El equipo descubrió el planeta mediante una técnica denominada “microlente gravitatoria”, que se produce cuando una estrella cercana a la Tierra se alinea momentáneamente con otra lejana. Esto crea un fenómeno en el que la gravedad de la estrella en primer plano actúa como lente y amplía la luz de la estrella de fondo. Si un planeta gira alrededor de la estrella cercana, deformará temporalmente la luz magnificada al pasar.

Cuando el equipo científico estudió la estrella anfitriona del planeta halló que su luz no era lo suficientemente brillante para una estrella ordinaria de la secuencia principal (o una estrella adulta). Los datos también descartaron la posibilidad de que se tratara de una enana marrón (un objeto intermedio entre las estrellas y los planetas gigantes) o de un objeto compacto como un agujero negro. La única opción viable era una estrella enana blanca.
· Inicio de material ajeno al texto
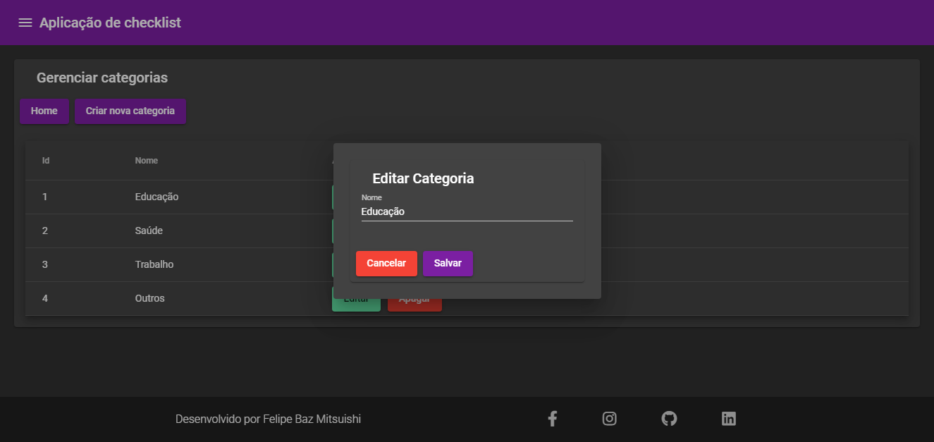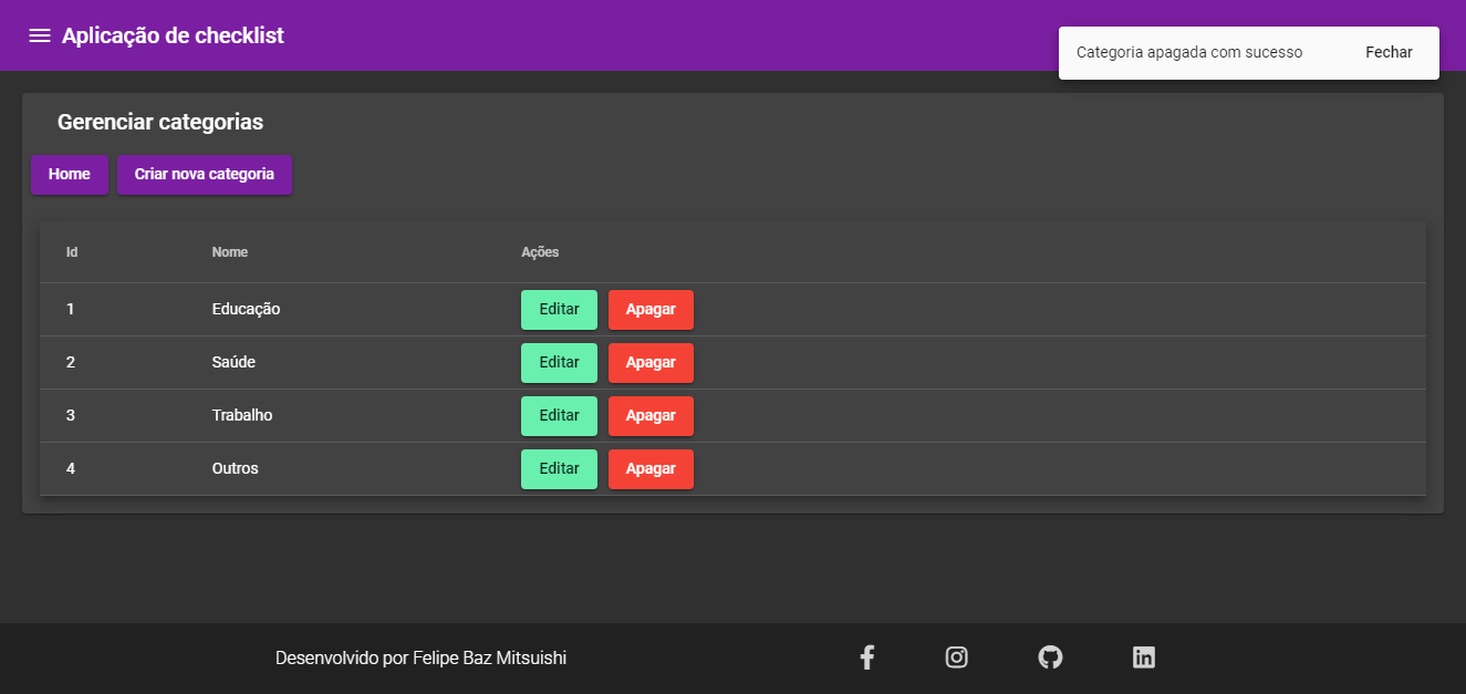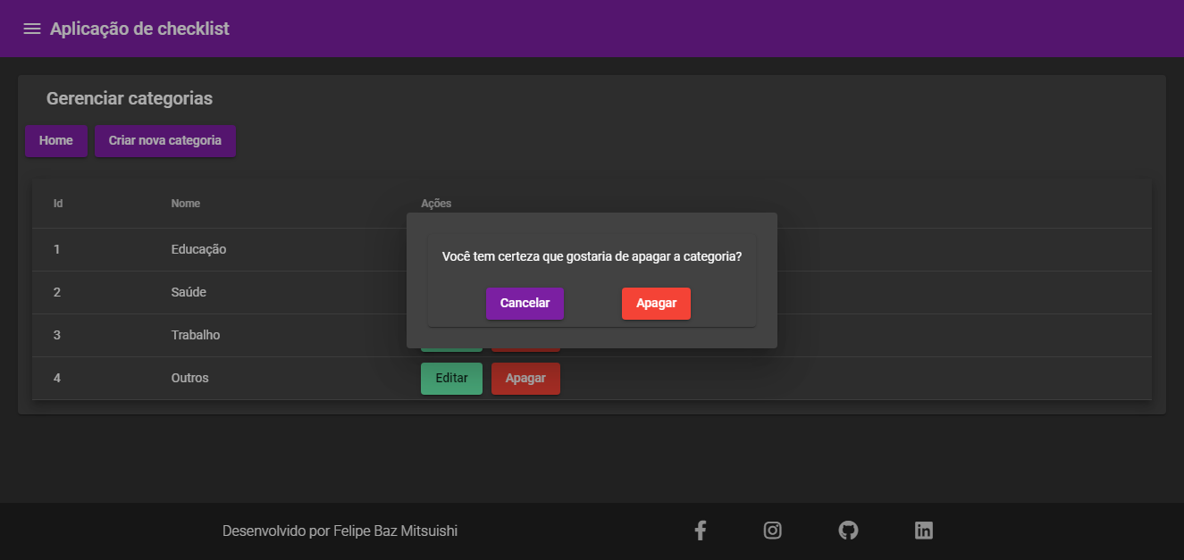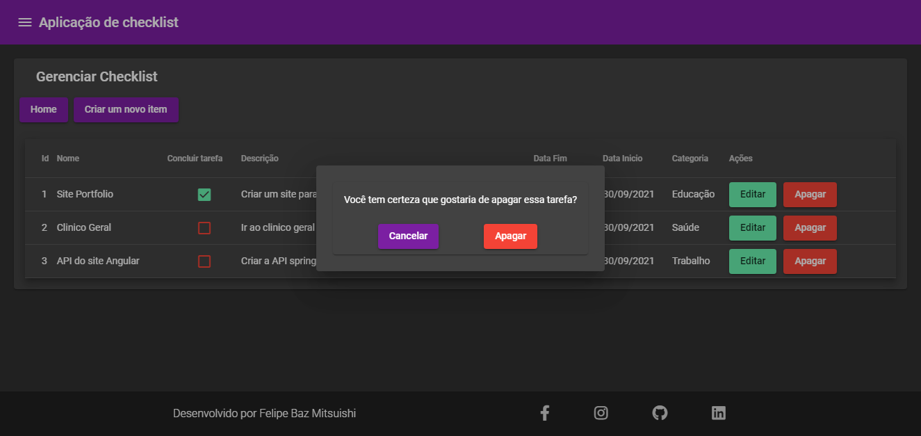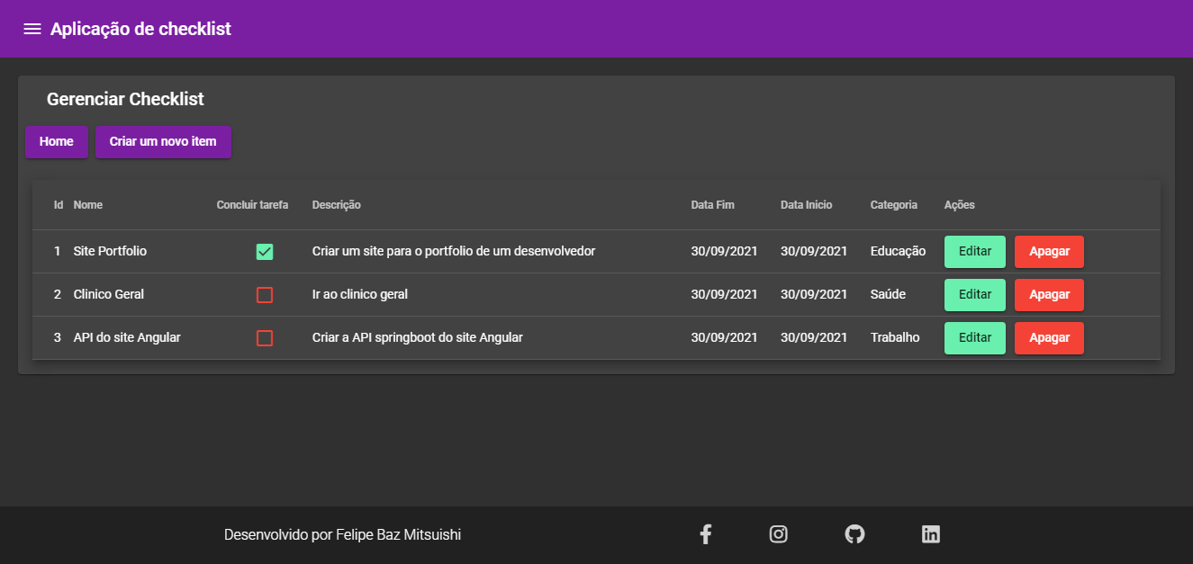 The footer section, was made where there are the principal social networks of the developer, as well as the copyright reservation of the site.

“Dado que el 97 % de las estrellas de nuestra Galaxia se convertirán en enanas blancas, este descubrimiento y los que le sigan nos permitirán vislumbrar el futuro de los exoplanetas“, ha afirmado Camilla Danielski, investigadora del IAA-CSIC, que ha participado en el descubrimiento. El equipo de investigación tiene previsto incluir sus resultados en un estudio estadístico para averiguar cuántas otras enanas blancas cuentan con supervivientes planetarios intactos.